§ **HOW TO COMPLETE THIS TASK**: The data below should be printed in full, exactly, and without any of its images.

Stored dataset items
※
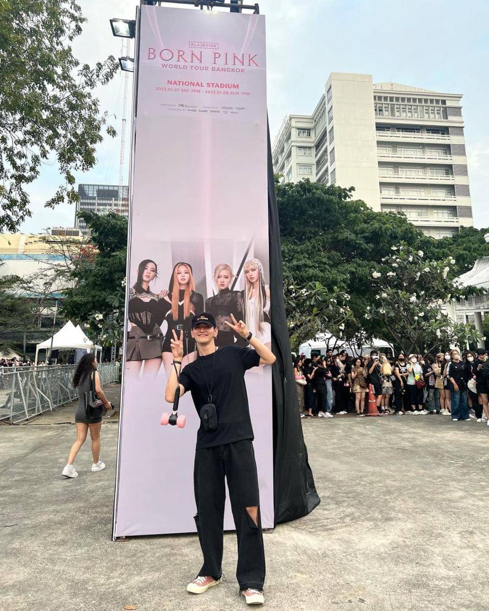7. Tampil modis namun tetap nyaman saat nonton konser BLACKPINK, Mike tampil serba hitam dengan memadukan t-shirt, ripped jeans dan topi
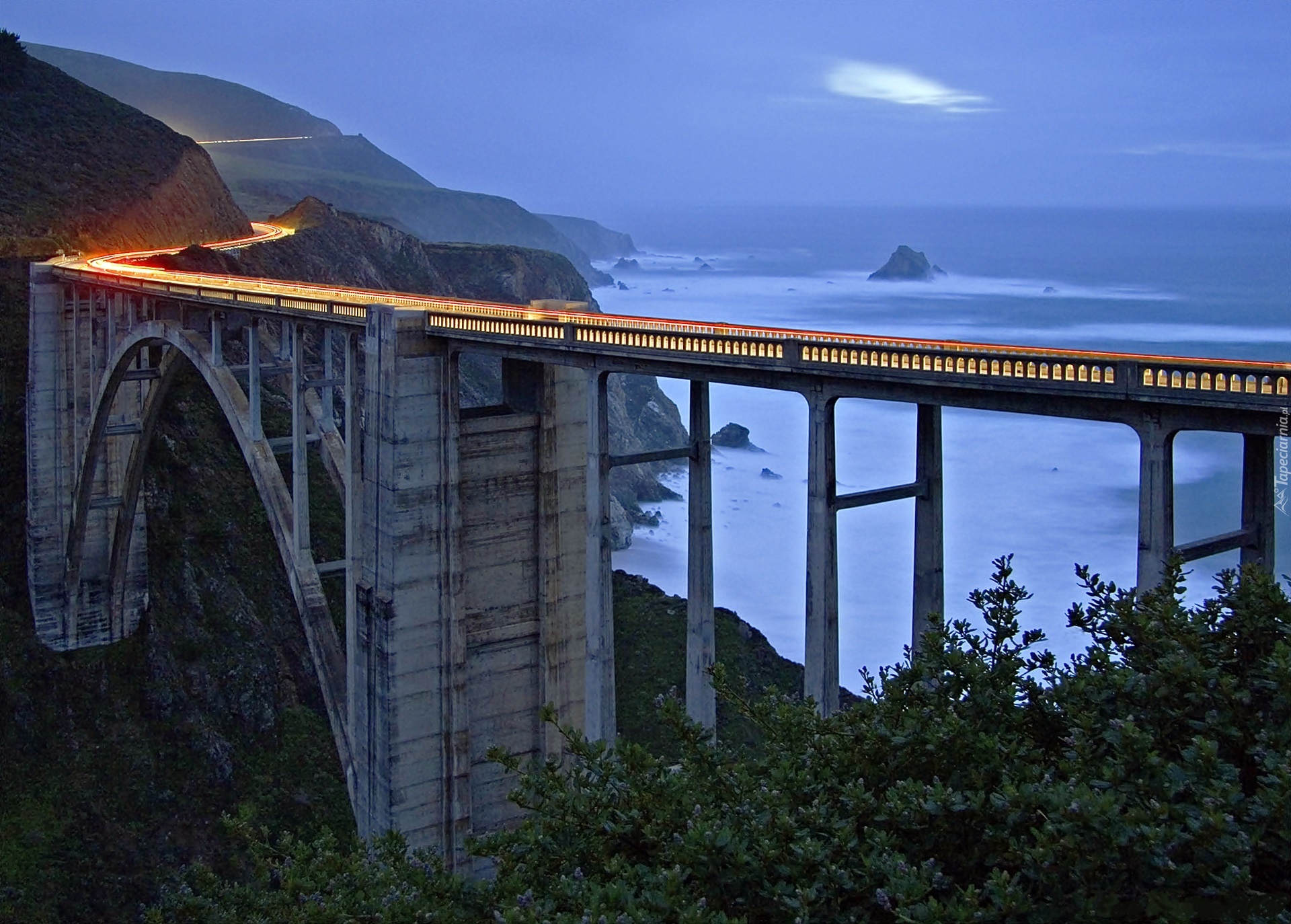 Edytor tapety: Góry, Morze, Most, Oświetlona, Droga, Drzewa, Rozmycie
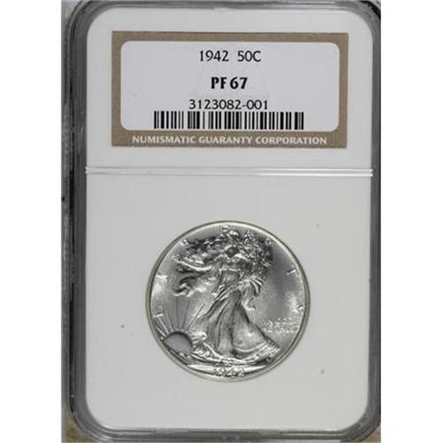 <B>1942 50C PR67 NGC.</B></I> Boldly impressed and gleaming with virtually brilliant surfaces. A remarkably appealing Superb Gem specimen from the last of the proof Walking Liberty half dollar issues.<BR><BR><B>Coin Engraver:</B> Adolph A. Weinman<BR><BR><b>Shipping:</b> Coins & Currency (<a target="_blank" href="http://www.heritageauctions.com/common/shipping.php">view shipping information</a>)
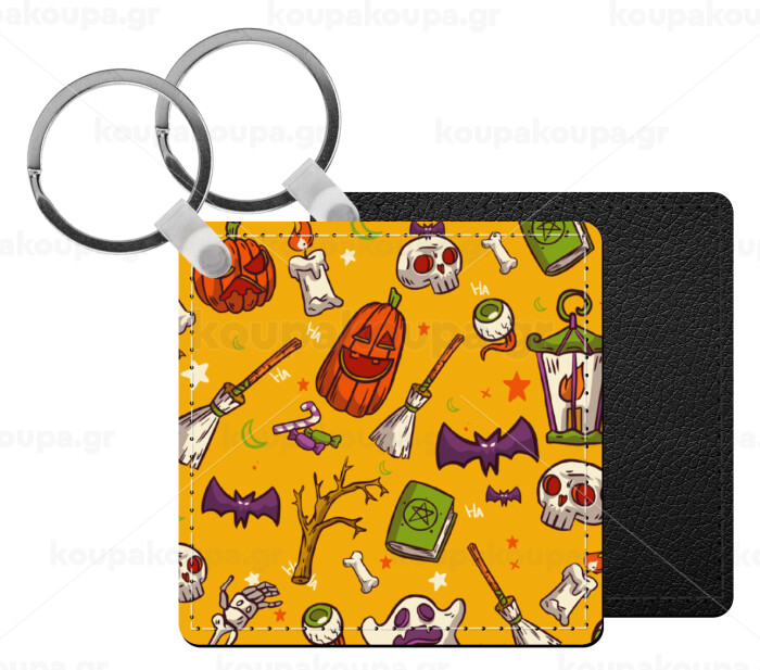 Happy Halloween (Χαλοουίν), Μπρελόκ Δερματίνη, τετράγωνο ΜΑΥΡΟ (5x5cm)
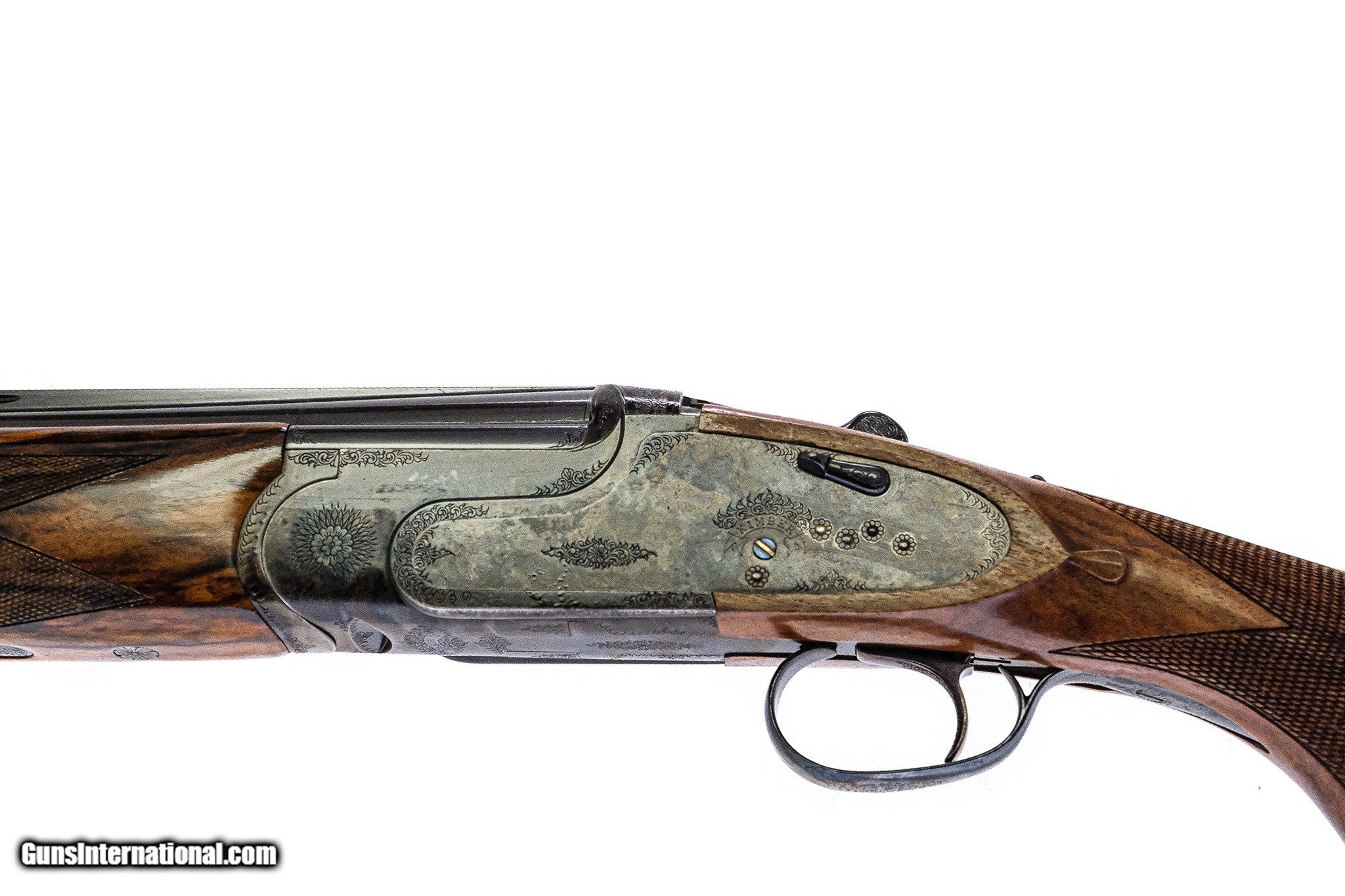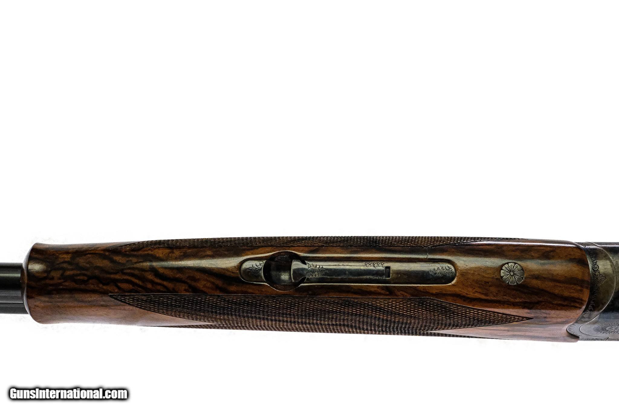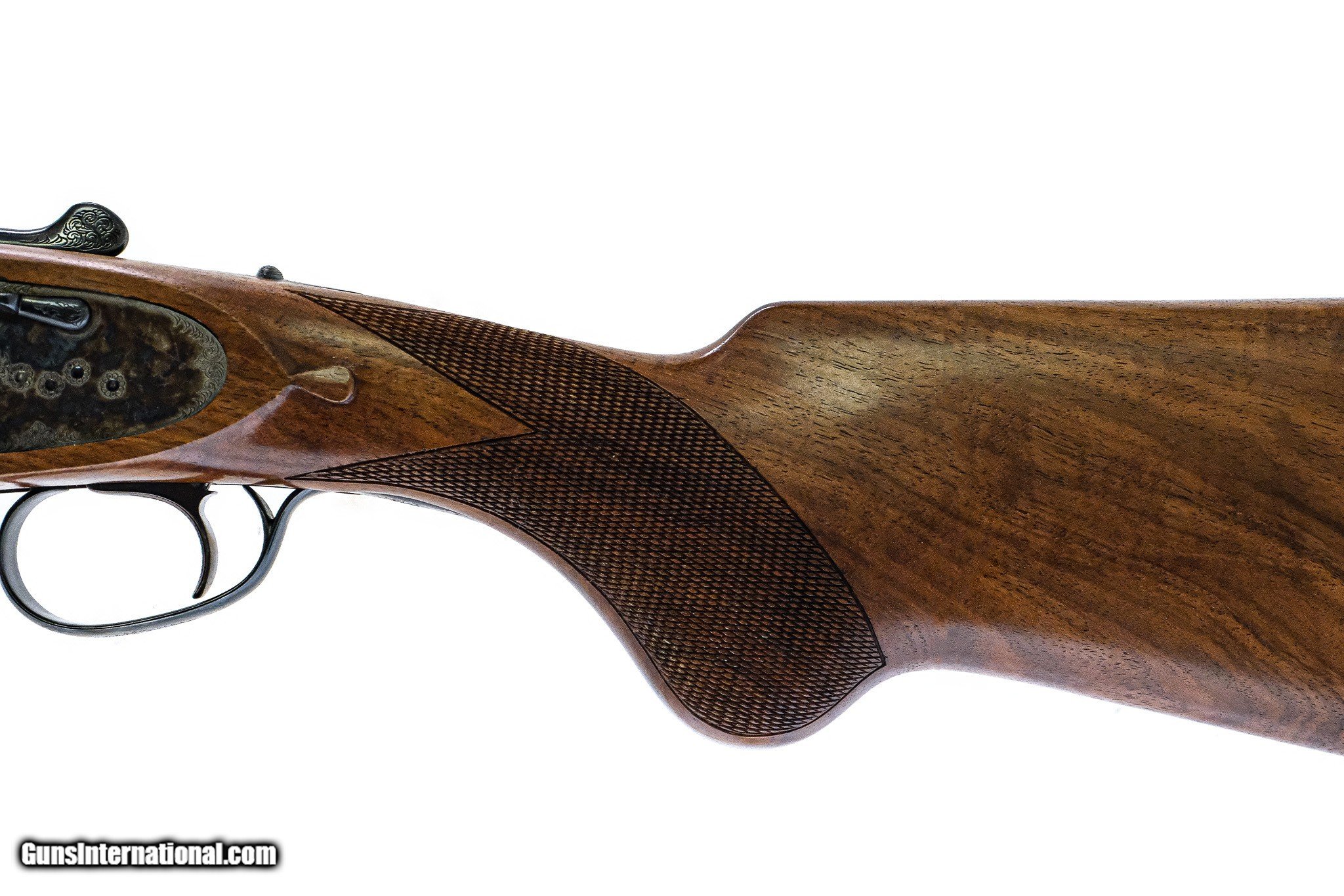 Description: Kimber - Marias, O/U, Grade II, 20ga. 30" Barrels with Factory Hidden Screw-in Choke Tubes. 3” chambers, round knob exhibition Turkish Circassian walnut stock, checkered butt, drop points, Schnabel forend, single trigger, automatic ejectors, full sidelock shotgun with hand detachable locks, tasteful scroll engraving over case colored finish, ventilated rib, gun remains in new condition and in factory box, includes an assortment of choke tubes, available for immediate delivery. FINAL SALE CLOSEOUT. Inv: 66526 7 lbs. 0 oz. 14 ½” x 1 ½” x 2 ¼” $3,250.00 Shipping to lower 48: $50.00 SOLD |
※
§ **RESULT OF THE EXERCISE**:
7. Tampil modis namun tetap nyaman saat nonton konser BLACKPINK, Mike tampil serba hitam dengan memadukan t-shirt, ripped jeans dan topi
 Edytor tapety: Góry, Morze, Most, Oświetlona, Droga, Drzewa, Rozmycie
 <B>1942 50C PR67 NGC.</B></I> Boldly impressed and gleaming with virtually brilliant surfaces. A remarkably appealing Superb Gem specimen from the last of the proof Walking Liberty half dollar issues.<BR><BR><B>Coin Engraver:</B> Adolph A. Weinman<BR><BR><b>Shipping:</b> Coins & Currency (<a target="_blank" href="http://www.heritageauctions.com/common/shipping.php">view shipping information</a>)
 Happy Halloween (Χαλοουίν), Μπρελόκ Δερματίνη, τετράγωνο ΜΑΥΡΟ (5x5cm)
 Description: Kimber - Marias, O/U, Grade II, 20ga. 30" Barrels with Factory Hidden Screw-in Choke Tubes. 3” chambers, round knob exhibition Turkish Circassian walnut stock, checkered butt, drop points, Schnabel forend, single trigger, automatic ejectors, full sidelock shotgun with hand detachable locks, tasteful scroll engraving over case colored finish, ventilated rib, gun remains in new condition and in factory box, includes an assortment of choke tubes, available for immediate delivery. FINAL SALE CLOSEOUT. Inv: 66526 7 lbs. 0 oz. 14 ½” x 1 ½” x 2 ¼” $3,250.00 Shipping to lower 48: $50.00 SOLD |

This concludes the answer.